- Source data -
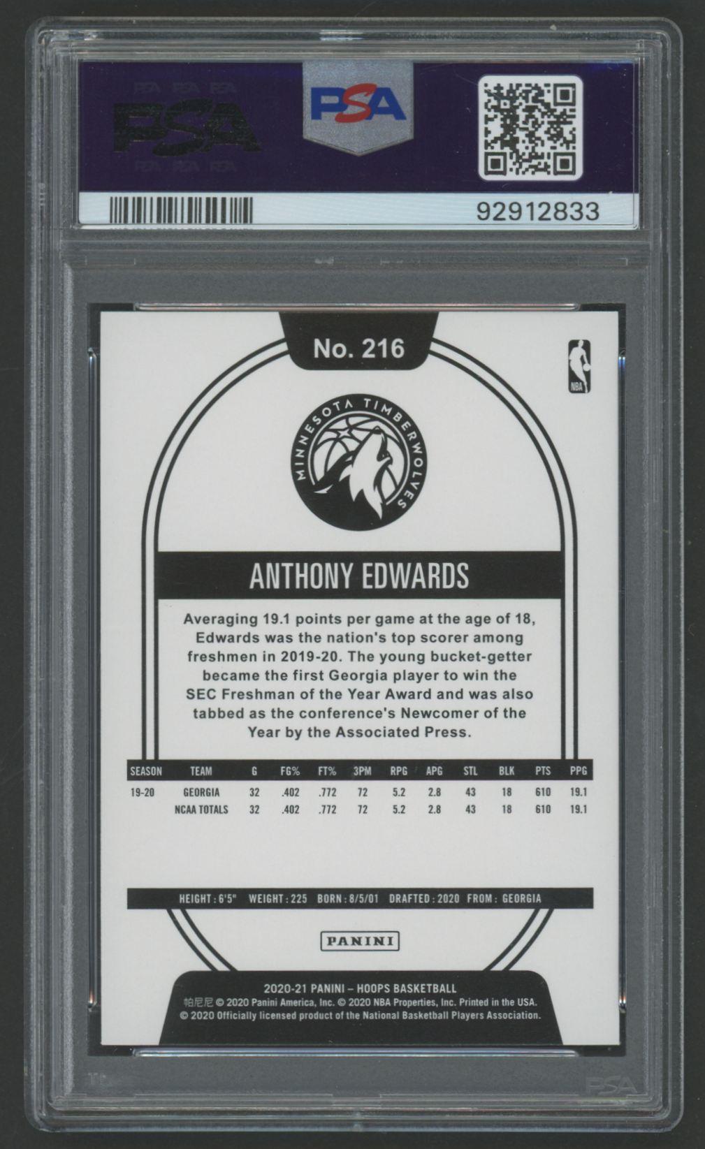 Anthony Edwards 2020-21 Hoops Winter #216 RC (PSA 10)
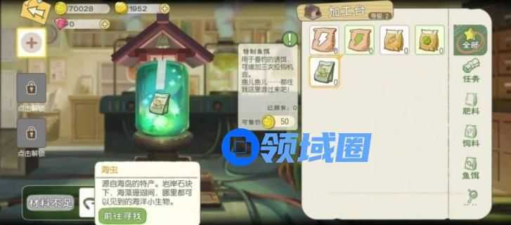4. 点击鱼饵就能查看所需要的材料,需要两只海虫,获得方法是,需要解锁海盗,去往海盗以后就可以进行捕捉海虫,这里注意海岛的资源是不会刷新的,所以需要的话就能多拿就多拿就行了!
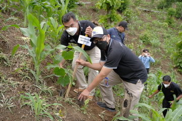 Kepala Seksi Pelayanan Ghani Gutoyo dan Kepala Seksi Pengawasan II Rizky Syabana berpartisipasi langsung dalam aktivitas menanam pohon di area tersebut.
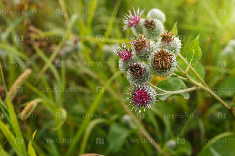 Arctium lappa обычно называют большим лопухом.Цветущие цветы лопуха на естественном фоне растений
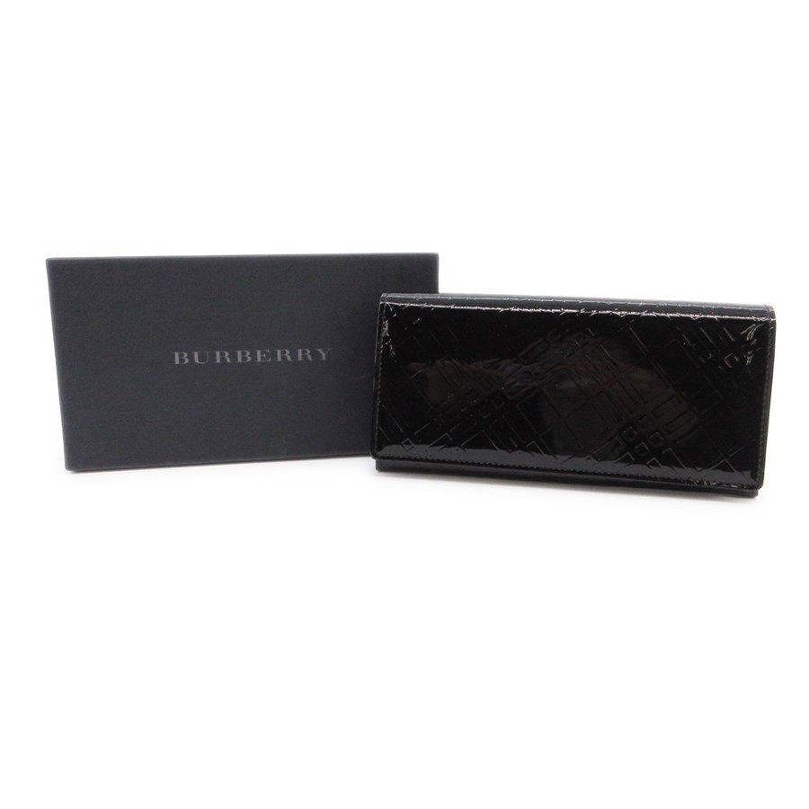 - 送料無料 超美品 バーバリー BURBERRY 長財布 財布 二つ折り エナメル パテントレザー エンボス加工 チェック柄 メンズ
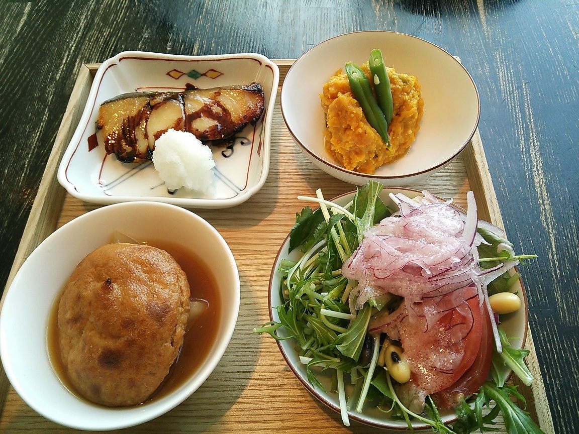 プチランチのメインデリはベジミートローフで、サラダ、有機玄米ご飯、スープがセット。ベジミートローフは所謂大豆たんぱくだけではなく、いくつかの野菜も混ざっているので味わいも複雑で歯ごたえもあり、物足りなさは感じませんでした。スープは野菜の甘みが良く出たやさしい味でおいしいです。フィッシュプレートの魚はイトヨリダイのソテー。これにアカメという海藻と牛蒡人参の金平、ひよこ豆の煮込み、サラダ、酵素玄米、スープです。イトヨリダイはソースとのバランスも良く、アカメは黒く薄いもので、噛んでいると確かに海藻の味わいがします。ひよこ豆は歯ごたえもあり食感も楽しめます。酵素玄米は初めて食べましたが、もちもち感があり滋味深いです。
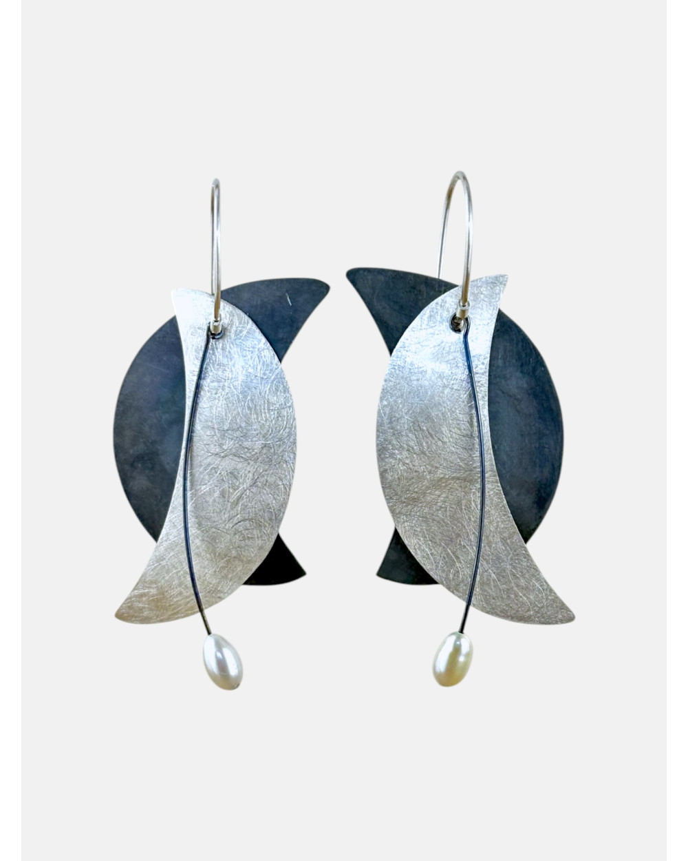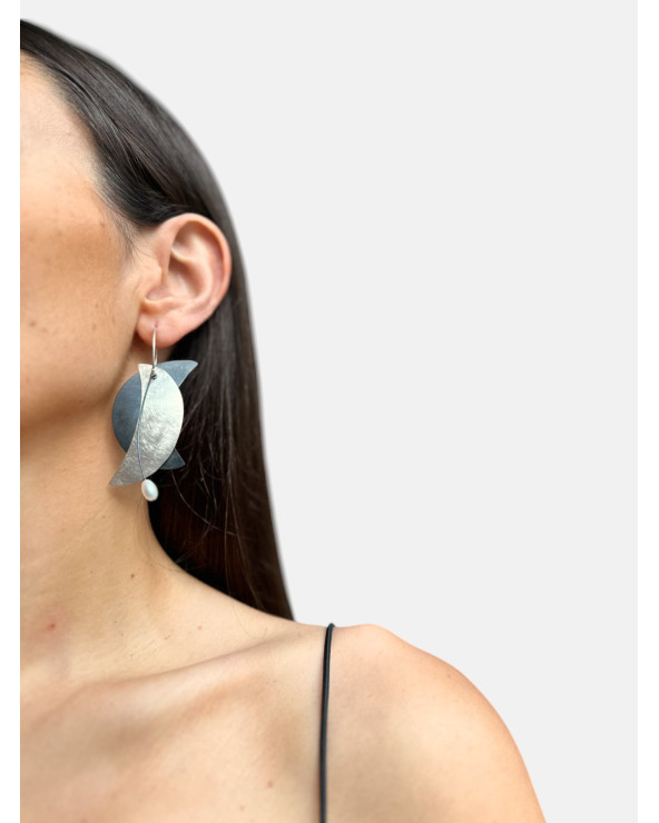 Pendientes Dent en plata de ley 925 acabado brillo texturizado y óxido con perla natural hechos a mano.
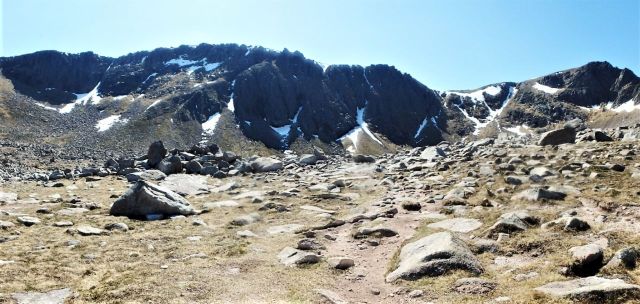 I had to retrace my steps back towards Lochan Buidhe, but once again I turned away from Cairn Lochan, this time avoiding it by taking a path on the west side of the mountain. I’ve no idea where the groups who had been on Ben Macdui disappeared to, but my return route was deserted with just two other hikers taking that option. It wasn’t quite deserted though.
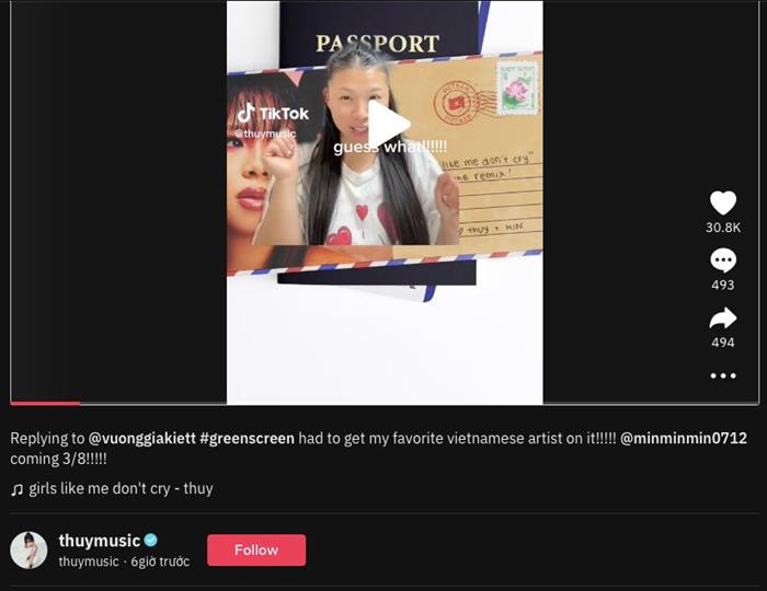 Theo đó sản phẩm âm nhạc lần này được MIN kết hợp với nữ nghệ sĩ gốc Việt - Thuy cùng bản remix ca khúc gây “bão” TikTok thời gian gần đây mang tên “girls like me don't cry”.
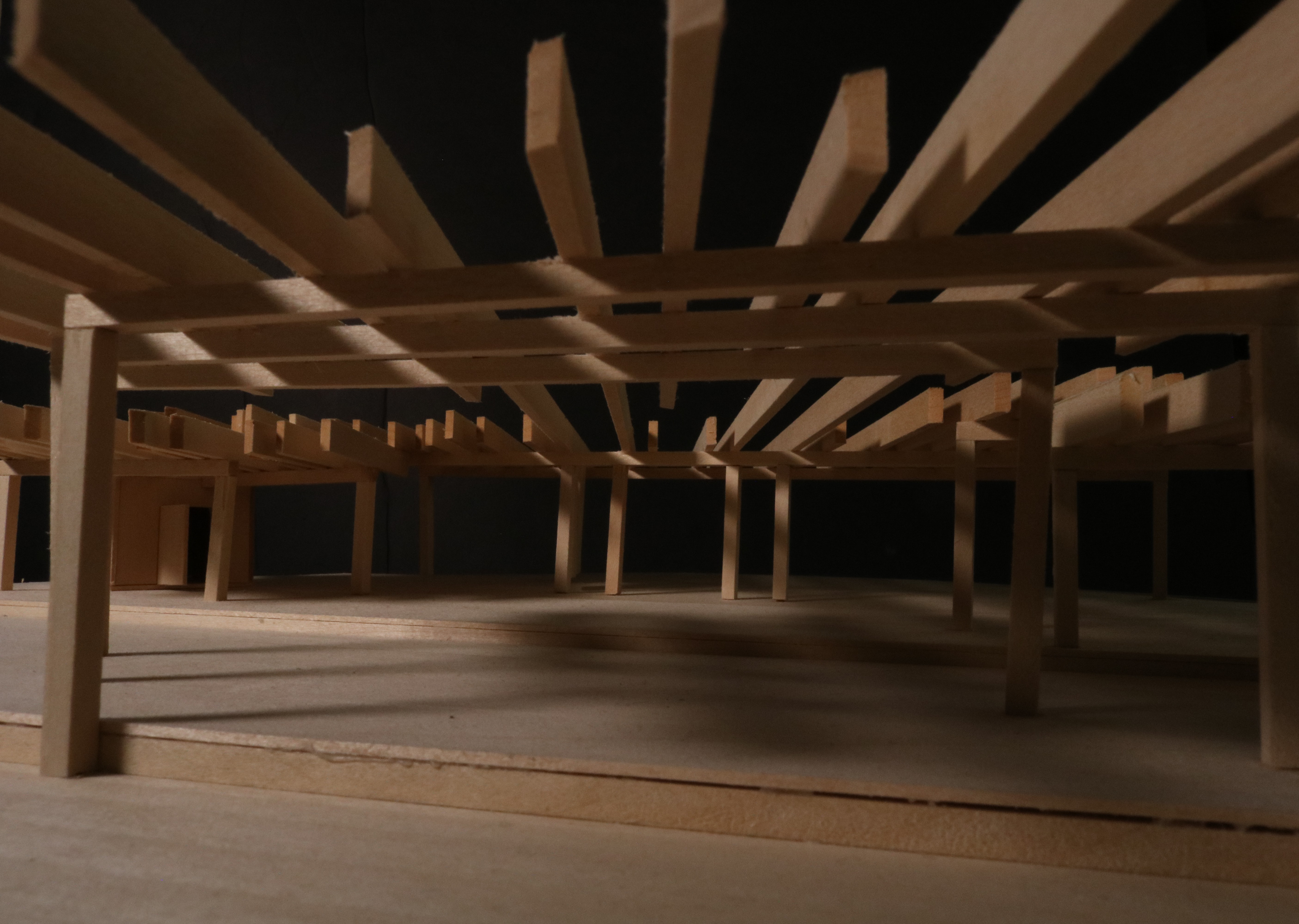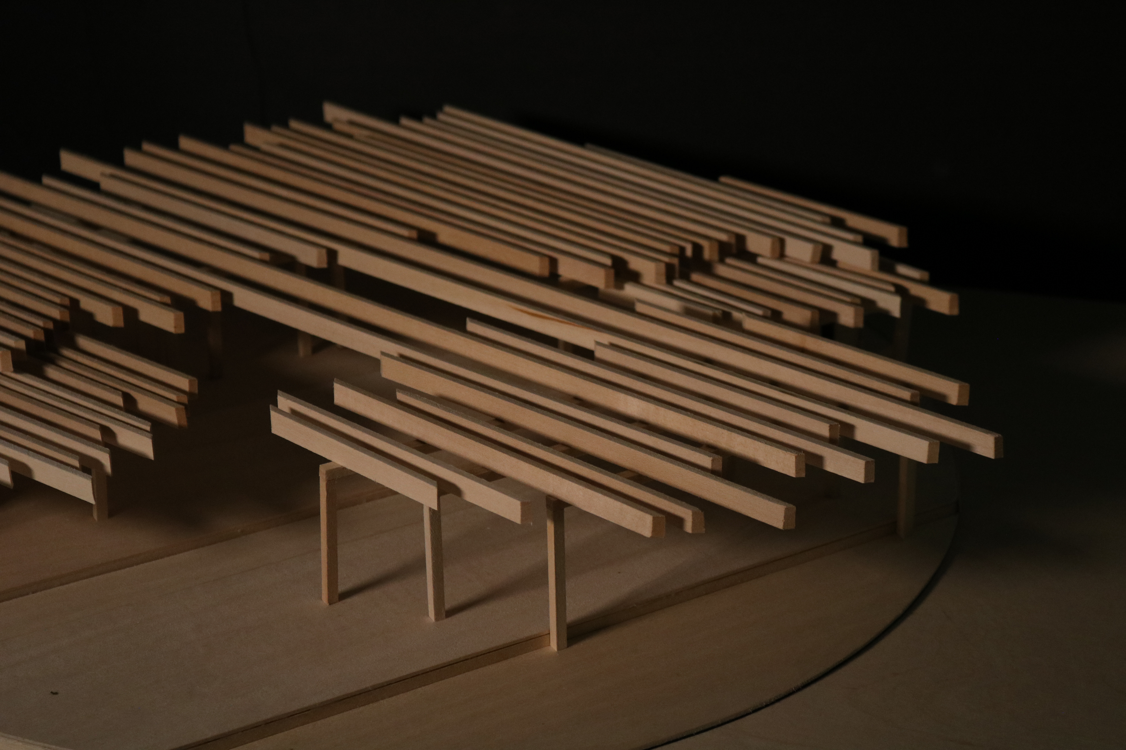 The Parallel Pavilion is inspired through the analysis of Charles Correa’s Ramakrishna House, exemplifying the use of space and design through multiple series of diffused parallel lines. The columns and support beams are specifically designed to be parallel to each other, while the roof slats are designed to complement the columns and beams in a perpendicular manner, while also being parallel to each other.

- Prompt -
In the data above, please extract the lines from the first one through the line with "4. 点击鱼饵就能查看所需要", exactly, and keep pictures out.

- Written solution -
 Anthony Edwards 2020-21 Hoops Winter #216 RC (PSA 10)
4. 点击鱼饵就能查看所需要的材料,需要两只海虫,获得方法是,需要解锁海盗,去往海盗以后就可以进行捕捉海虫,这里注意海岛的资源是不会刷新的,所以需要的话就能多拿就多拿就行了!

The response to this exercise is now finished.